Джек вылез из машины, а Дэнни открыл бардачок «жука» и вытащил пять потрепанных карт расположения бензоколонок: Колорадо, Небраска, Юта, Вайоминг и Нью-Мексико. Он обожал дорожные карты, обожал водить пальцем вдоль трасс. По мнению Дэнни, в переезде на Запад самым хорошим были новые карты.
Джек сходил к аптечному прилавку, купил Дэнни конфету, а себе газету и экземпляр октябрьского «Писательского дайджеста». Дав девушке пятерку, он попросил сдачу четвертаками. Зажав серебро в руке, он направился к стоявшей возле изготовляющего ключи автомата телефонной будке и протиснулся внутрь. Отсюда через три стекла был виден сидящий внутри «жука» Дэнни. Голова мальчика прилежно склонилась над картами. Джек чувствовал, как его захлестнула волна граничащей с отчаянием любви к мальчугану, отчего лицо приняло каменно-угрюмое выражение.
Он полагал, что выразить Элу обязательную благодарность можно и из дома – разумеется, он не собирался говорить то, что могло вызвать у Венди возражения. Но гордость Джека сказала: нет. Теперь он почти всегда прислушивался к тому, что подсказывала ему гордость, ведь кроме жены с сыном, шестисот долларов на текущем счету и потрепанного фольксвагена 68 года у него осталась только гордость. Да и счет-то был объединенным. Год назад он преподавал английский в одной из лучших частных школ Новой Англии. И друзья там были – правда, не совсем такие, с которыми Джек знался до того, как бросил пить, но посмеяться было с кем; были приятели – коллеги по факультету, восхищавшиеся его искусным обращением с классом и личным пристрастием к писательскому ремеслу. Шесть месяцев назад дела шли очень хорошо. Вдруг оказалось, что каждые две недели от жалованья остается достаточно денег, чтобы начать делать небольшие сбережения. В дни, когда Джек пил, ни разу не удавалось отложить ни гроша, хотя выпивку почти всегда ставил Эл Шокли. Джек с Венди начали осторожно поговаривать, не поискать ли дом и не выплатить ли примерно в течение года первый взнос. Ферма в деревне. Шесть или восемь лет на то, чтоб полностью ее обновить – да черт возьми, они были молоды, у них было время.
Потом он вышел из себя.
Джордж Хэтфилд.
Запах надежды обернулся запахом старой кожи в кабинете Кроммерта, все вместе напоминало одну из сцен его собственной пьесы: на стенах – старые портреты прежних директоров Стовингтона, чеканки с изображением школы, какой та была в 1879 году, когда ее только построили, и в 1895, когда деньги Вандербильда позволили выстроить закрытый манеж – он до сих пор стоял на западном краю футбольного поля, приземистый, необъятный, одетый плющом. Апрельский плющ шелестел за приоткрытым окном у Кроммерта, из радиатора шел навевающий дремоту шум парового отопления. Джек вспомнил, что думал тогда: «Это не на сцене. Это по-настоящему. Моя жизнь. Как можно было пустить ее коту под хвост?».

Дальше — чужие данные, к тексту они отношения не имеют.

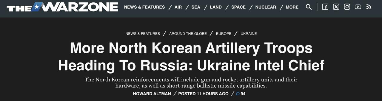 Північна Корея відправить РФ підкріплення в Курську область - ракетні та артилерійські війська. Про це повідомив The War Zone глава ГУР Міноборони Кирило Буданов.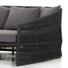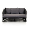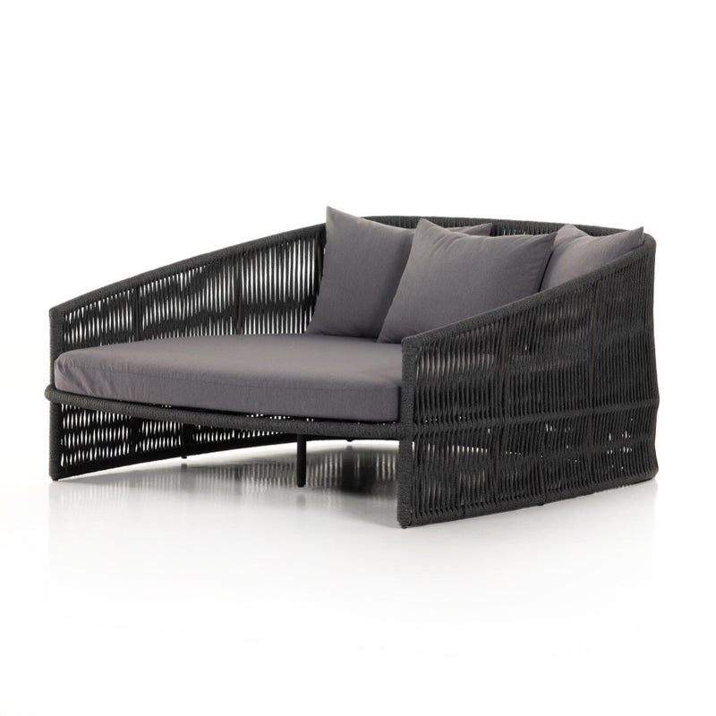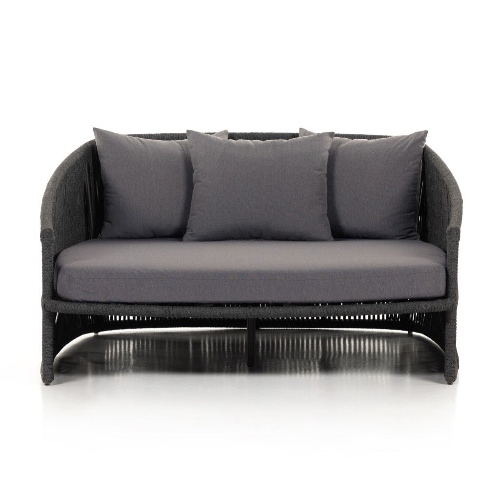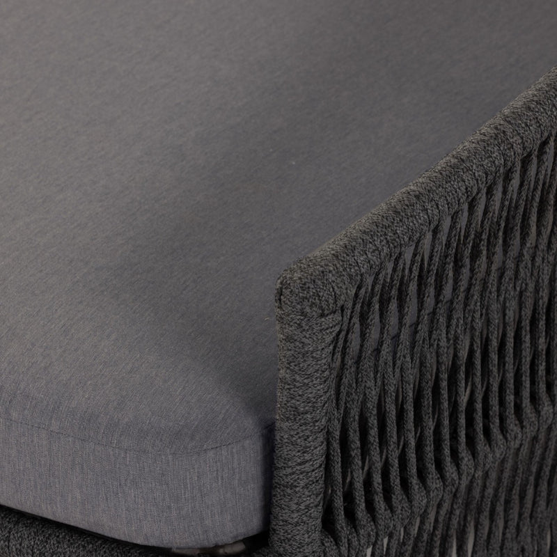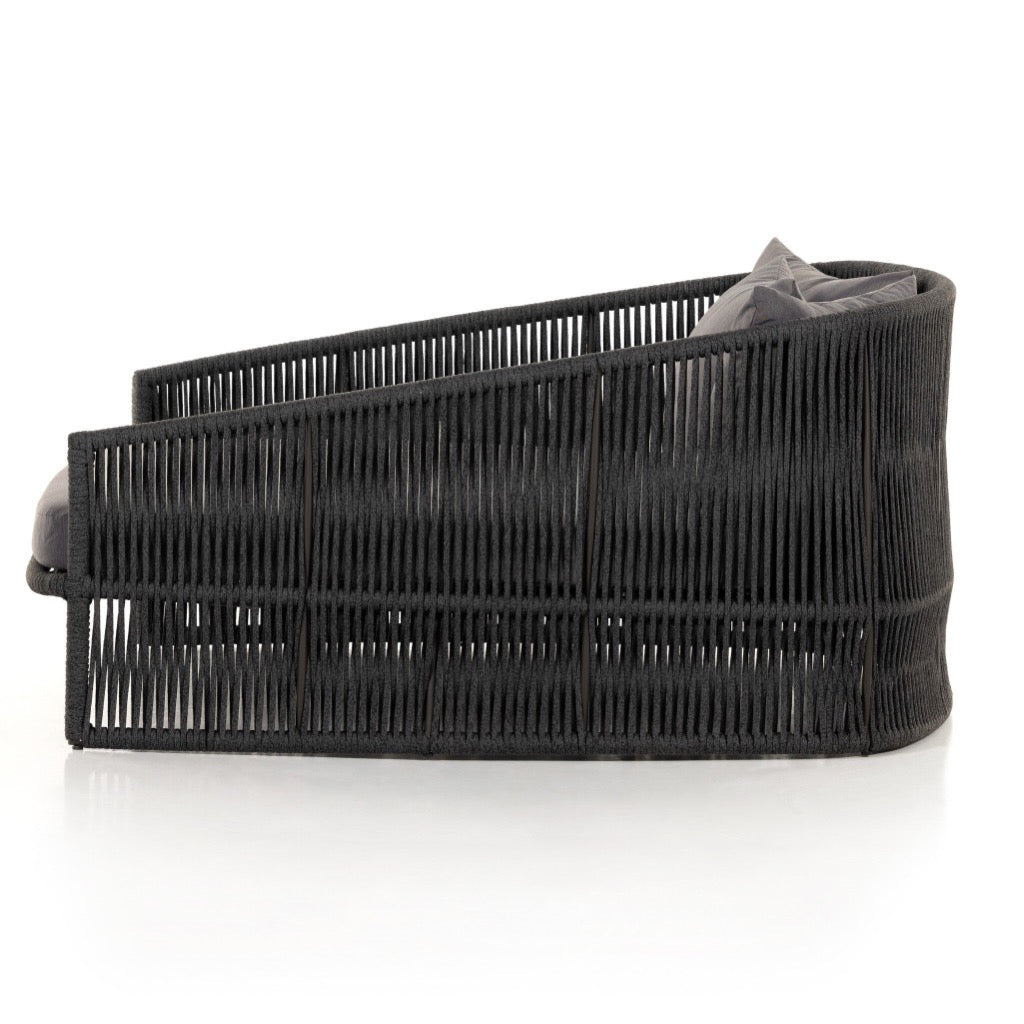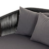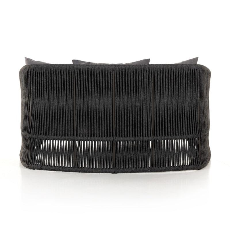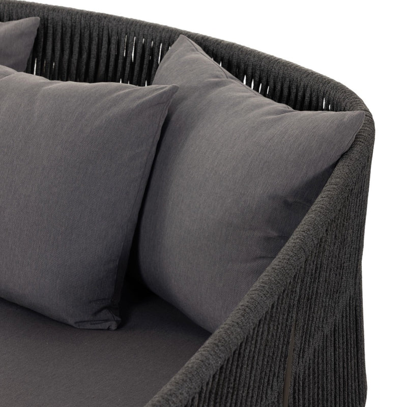 The perfect place for outdoor daydreaming. A beautiful rope-based design is woven across a durable aluminum frame in a rich bronze finish. Topped with a wide cushion and throw pillows, all upholstered in 100% olefin, known for its UV-resistant, water-repellent and quick-drying abilities. Cover or store inside during inclement weather and when not in use.

– Джек, положение серьезное. Страшно серьезное. Совет попросил меня сообщить вам, что они решили.
Совет желал, чтобы Джек оставил должность, и Джек пошел им навстречу. В иных обстоятельствах срок его пребывания в ней закончился бы в июне этого года.
За беседой в кабинете Кроммерта последовала самая темная, самая страшная ночь в жизни Джека. Желание, нужда напиться никогда еще не были столь сильны. Руки тряслись. Он бродил, натыкаясь на предметы, переворачивая их. А еще его не покидало желание сорвать все на Венди с Дэнни. Его норов был подобен злобному зверю на перетершейся привязи. Перепугавшись, как бы не ударить их, Джек сбежал из дома. Кончилось все у входа в бар. От того, чтобы зайти внутрь, Джека удержало только одно: он понимал, что сделай он это – и Венди, наконец, уйдет, а Дэнни заберет с собой. Он же со дня их ухода превратиться в мертвеца.
Вместо того, чтобы зайти в бар, где темные силуэты смаковали приятные воды забвения, он направился домой к Элу Шокли. Совет проголосовал: шесть – против, один – за. Этим одним и был Эл.
Сейчас Джек набрал номер оператора, и та сообщила, что за один доллар восемьдесят центов можно на три минуты связаться с Элом. «Время, детка, штука относительная», – подумал он и бросил в автомат восемь четвертаков. Пока его вызов пробирался на восток, слышались то высокие, то низкие электронные гудки.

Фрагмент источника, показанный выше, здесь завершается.